Danish electric bike programme still wobbly

Number of rides growing, but success still hard to measure

The public electric bike programme in Copenhagen is gaining traction, but still has a way to go to fully capture the public’s imagination. Some say the bulky bikes are too heavy and tough to manoeuvre. The programme has also suffered from well-documented operational issues.

Bycyklen, the city’s bike-sharing program has grown from 169,000 rides in 2015 to 933,000 last year. This year the effort seems to be on track for the same amount of riders.

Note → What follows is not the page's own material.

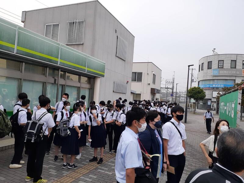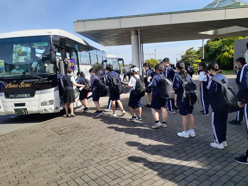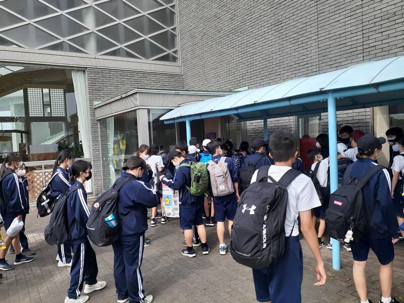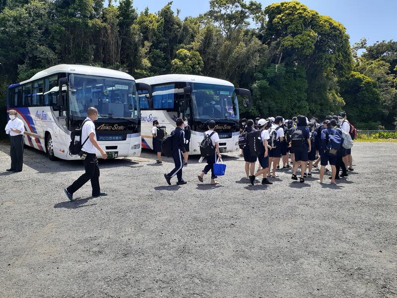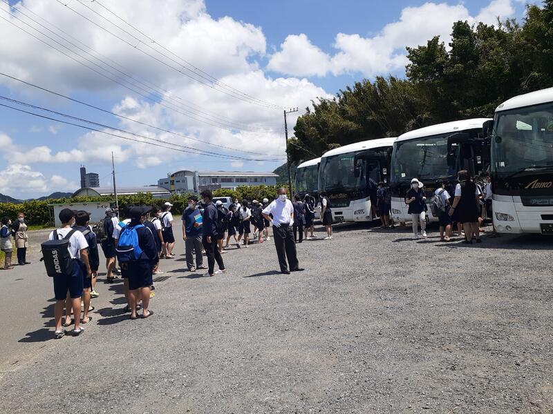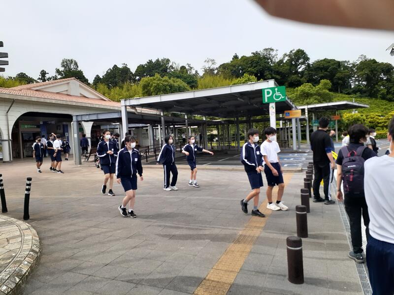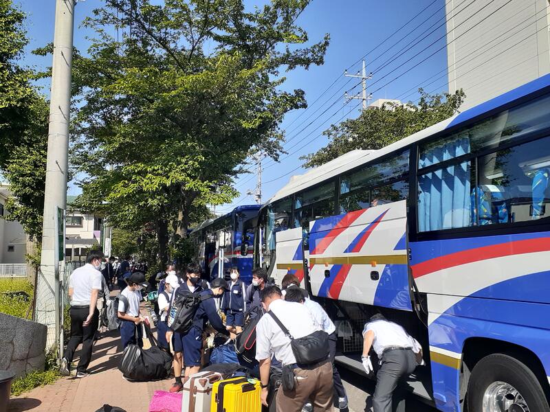 バスが学校前に停車している間に、トランクから荷物を素早くおろし、そのまま下校です。生徒の皆さんお疲れ様でした。さようなら。
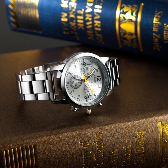 TIME100时光一百 简约复古罗马刻度日历钢带情侣男表W80069G

Even so, public cycling still lags far behind the over 400 million private annual journeys taken by Danes each year, and it is hard to tell if the public programme is meeting its principal goal of inspiring people to tale bike trips instead of using their cars.

Still costly
Copenhagen’s electric bikes are both ambitious and expensive. They all have a tablet computer on the handlebars that allows users to log in and unlock bicycles, manage their accounts, and navigate to a destination or find nearby docking stations.

Each of the 1860 bike cost about 17,000 DKK. Riders pay on average 30 kroner per hour to use the electric bikes, which are clumsy to get started, but once the electric motor kicks in, are quite effective at negotiated Copenhagen’s excellent bike paths.

Competition
Gobike, the company that originally started the programme went belly-up earlier this year and Bycyklen’s operator, Bikeshare, has required propping up from several public and private entities.

Private companies like Donkey Republic are wading into the bike-sharing network far as well. Users can unlock bikes via their mobile phones using a Bluetooth signal.